In each of these situations, people don’t want relativism to be the root worldview. No. We want facts, reason, and truth to rule!
But for some reason, in the area of religion, truth happens to be relative.
According to Dr. Norman Geisler, “nature of truth is crucial to the Christian faith. Not only does Christianity claim there is absolute truth, but it insists that truth about the world is that which corresponds to the way things really are”(2).
Simply put, truth is important for two concrete reasons.
First, the nature of truth. Truth is that which corresponds to reality, matching its objects, and is knowable. Christianity rests upon the fact that the Truth-giver—God—has truthfully communicated truth to people, both in the world (general revelation) and in His word (special revelation). Furthermore, the truth God gives corresponds to life as it actually is and is a knowable reality, meaning we can grasp and grapple with the facts. At times we can merely apprehend rather than fully comprehend. But to deny that truth exists is in itself a truth claim.
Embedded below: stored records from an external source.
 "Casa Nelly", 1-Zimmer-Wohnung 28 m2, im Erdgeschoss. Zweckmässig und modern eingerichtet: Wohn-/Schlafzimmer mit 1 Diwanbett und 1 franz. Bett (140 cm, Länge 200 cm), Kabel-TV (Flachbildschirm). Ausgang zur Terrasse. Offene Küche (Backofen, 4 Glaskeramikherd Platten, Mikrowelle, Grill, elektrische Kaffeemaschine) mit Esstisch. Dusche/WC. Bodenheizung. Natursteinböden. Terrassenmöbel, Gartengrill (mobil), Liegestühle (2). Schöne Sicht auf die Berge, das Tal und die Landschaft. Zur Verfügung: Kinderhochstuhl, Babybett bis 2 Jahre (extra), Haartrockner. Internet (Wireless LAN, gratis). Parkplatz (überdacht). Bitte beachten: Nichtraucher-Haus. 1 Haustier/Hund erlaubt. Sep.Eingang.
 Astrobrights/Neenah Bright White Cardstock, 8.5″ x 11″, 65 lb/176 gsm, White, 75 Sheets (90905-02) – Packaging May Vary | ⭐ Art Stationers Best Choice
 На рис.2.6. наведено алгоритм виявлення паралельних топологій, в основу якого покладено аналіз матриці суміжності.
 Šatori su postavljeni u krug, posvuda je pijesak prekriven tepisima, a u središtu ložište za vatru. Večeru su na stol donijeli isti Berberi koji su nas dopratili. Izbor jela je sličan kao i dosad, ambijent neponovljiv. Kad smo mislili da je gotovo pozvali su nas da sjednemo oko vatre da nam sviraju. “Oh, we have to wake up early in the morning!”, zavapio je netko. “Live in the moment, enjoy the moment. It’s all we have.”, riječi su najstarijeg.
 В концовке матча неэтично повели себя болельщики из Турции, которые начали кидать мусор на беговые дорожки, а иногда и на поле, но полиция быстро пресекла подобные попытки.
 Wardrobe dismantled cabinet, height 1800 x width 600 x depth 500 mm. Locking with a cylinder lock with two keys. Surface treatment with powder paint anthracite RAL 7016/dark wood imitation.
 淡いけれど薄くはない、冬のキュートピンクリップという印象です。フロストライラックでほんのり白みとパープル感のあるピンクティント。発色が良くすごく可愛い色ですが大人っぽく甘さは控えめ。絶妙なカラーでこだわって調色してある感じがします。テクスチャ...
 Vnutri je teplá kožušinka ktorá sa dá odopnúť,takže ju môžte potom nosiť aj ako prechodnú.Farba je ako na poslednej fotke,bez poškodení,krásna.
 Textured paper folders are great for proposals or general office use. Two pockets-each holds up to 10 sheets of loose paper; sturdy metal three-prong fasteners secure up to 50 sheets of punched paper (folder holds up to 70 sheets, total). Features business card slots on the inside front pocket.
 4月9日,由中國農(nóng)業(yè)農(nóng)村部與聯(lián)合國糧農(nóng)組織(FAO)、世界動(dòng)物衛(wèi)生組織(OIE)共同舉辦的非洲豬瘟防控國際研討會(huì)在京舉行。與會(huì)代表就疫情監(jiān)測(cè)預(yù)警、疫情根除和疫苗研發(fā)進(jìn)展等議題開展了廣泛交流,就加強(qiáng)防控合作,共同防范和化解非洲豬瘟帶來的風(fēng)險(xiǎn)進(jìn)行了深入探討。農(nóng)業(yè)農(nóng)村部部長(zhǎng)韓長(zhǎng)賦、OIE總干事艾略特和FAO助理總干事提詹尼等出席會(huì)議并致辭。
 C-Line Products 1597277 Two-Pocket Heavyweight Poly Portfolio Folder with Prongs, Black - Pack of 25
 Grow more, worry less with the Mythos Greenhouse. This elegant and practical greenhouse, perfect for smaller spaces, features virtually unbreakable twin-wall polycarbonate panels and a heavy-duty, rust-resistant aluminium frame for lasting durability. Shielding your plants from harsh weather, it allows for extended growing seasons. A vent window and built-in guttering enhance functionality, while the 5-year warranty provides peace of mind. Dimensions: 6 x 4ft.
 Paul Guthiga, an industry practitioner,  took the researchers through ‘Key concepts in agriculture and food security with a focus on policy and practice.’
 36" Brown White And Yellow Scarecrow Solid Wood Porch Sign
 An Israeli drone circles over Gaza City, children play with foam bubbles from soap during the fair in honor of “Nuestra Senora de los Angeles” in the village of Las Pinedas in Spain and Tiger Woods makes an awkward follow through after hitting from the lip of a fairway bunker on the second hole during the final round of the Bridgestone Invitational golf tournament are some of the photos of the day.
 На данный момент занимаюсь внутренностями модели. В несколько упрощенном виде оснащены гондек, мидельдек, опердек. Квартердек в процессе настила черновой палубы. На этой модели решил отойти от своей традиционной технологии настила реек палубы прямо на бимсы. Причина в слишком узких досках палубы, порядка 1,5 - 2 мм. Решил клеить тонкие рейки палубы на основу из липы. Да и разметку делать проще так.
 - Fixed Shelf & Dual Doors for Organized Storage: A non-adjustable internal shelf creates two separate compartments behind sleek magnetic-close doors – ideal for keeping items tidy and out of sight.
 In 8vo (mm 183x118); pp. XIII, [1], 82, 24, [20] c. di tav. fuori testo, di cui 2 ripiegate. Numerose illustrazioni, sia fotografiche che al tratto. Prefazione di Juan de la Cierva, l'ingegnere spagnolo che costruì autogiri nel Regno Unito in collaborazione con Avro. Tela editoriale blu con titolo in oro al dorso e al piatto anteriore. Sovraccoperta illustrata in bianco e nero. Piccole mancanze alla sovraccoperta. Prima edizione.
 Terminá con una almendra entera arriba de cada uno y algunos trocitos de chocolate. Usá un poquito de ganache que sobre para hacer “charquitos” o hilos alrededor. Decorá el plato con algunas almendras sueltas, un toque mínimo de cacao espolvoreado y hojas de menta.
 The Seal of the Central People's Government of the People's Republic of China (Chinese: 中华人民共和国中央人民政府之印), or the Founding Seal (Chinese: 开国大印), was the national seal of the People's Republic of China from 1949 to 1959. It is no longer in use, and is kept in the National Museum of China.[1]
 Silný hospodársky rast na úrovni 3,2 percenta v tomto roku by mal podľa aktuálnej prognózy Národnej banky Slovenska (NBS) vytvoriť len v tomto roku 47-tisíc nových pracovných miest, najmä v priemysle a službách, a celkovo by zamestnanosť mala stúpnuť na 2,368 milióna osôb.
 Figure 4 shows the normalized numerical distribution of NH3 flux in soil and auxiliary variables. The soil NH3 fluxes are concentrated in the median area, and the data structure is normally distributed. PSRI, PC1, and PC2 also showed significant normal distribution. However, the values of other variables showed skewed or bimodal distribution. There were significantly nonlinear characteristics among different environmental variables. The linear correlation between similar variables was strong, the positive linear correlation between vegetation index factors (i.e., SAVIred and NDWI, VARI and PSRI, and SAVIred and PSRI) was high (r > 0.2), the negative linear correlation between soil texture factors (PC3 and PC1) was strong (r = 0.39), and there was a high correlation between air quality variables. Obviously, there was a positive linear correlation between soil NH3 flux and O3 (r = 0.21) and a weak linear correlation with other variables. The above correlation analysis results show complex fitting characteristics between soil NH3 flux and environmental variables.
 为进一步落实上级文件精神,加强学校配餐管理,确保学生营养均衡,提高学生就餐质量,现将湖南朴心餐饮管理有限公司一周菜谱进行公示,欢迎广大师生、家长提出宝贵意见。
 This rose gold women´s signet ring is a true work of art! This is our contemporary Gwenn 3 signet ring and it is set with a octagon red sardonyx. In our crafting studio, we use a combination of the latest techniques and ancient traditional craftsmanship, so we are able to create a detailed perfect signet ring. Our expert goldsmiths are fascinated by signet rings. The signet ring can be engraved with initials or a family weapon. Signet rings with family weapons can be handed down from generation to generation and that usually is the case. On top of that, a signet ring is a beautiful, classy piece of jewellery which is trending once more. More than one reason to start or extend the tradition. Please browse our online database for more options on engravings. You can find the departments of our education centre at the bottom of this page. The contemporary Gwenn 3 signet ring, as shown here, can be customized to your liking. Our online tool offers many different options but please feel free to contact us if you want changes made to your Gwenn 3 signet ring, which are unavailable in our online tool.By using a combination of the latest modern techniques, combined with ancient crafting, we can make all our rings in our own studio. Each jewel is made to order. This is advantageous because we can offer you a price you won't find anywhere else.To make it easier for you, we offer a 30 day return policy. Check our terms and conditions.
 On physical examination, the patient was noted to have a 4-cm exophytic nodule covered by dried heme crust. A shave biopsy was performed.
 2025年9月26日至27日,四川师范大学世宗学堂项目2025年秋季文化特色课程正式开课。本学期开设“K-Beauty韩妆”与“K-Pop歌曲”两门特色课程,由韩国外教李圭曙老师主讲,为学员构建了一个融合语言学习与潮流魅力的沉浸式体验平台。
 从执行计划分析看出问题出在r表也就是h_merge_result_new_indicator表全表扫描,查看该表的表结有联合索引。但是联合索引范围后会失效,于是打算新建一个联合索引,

Second, the absolute nature of truth. Here, Geisler points out “orthodox Christianity is predicated on the position that truth is absolute.” God in His nature does not change—He is truth, and His truth remains steadfast, past, present, and future. And since God’s words and actions correspond to His nature, God will do nothing that is contrary to that nature. There is an absolute truth to God. And because of this, God is true to Himself and His creation.
It’s worth saying again: truth is important.
As St. Augustine reminds us, “When regard for truth has been broken down or even slightly weakened, all things will remain doubtful.”
Like all good witnesses that take a stand in a court of law, lets commit to tell the truth, the whole truth and nothing but the truth—especially as it relates to the Christian faith. Let’s get in the habit of broadcasting the truth, not breaking it down.
2. Geisler, Norman. The Big Book of Christian Apologetics. Baker Books.
Photo captions: 1) Illustration from https://sherwoodbaptist.net/bookstore/products/your-mind-matters-to-god-series/294/ . 2) Brian Nixon.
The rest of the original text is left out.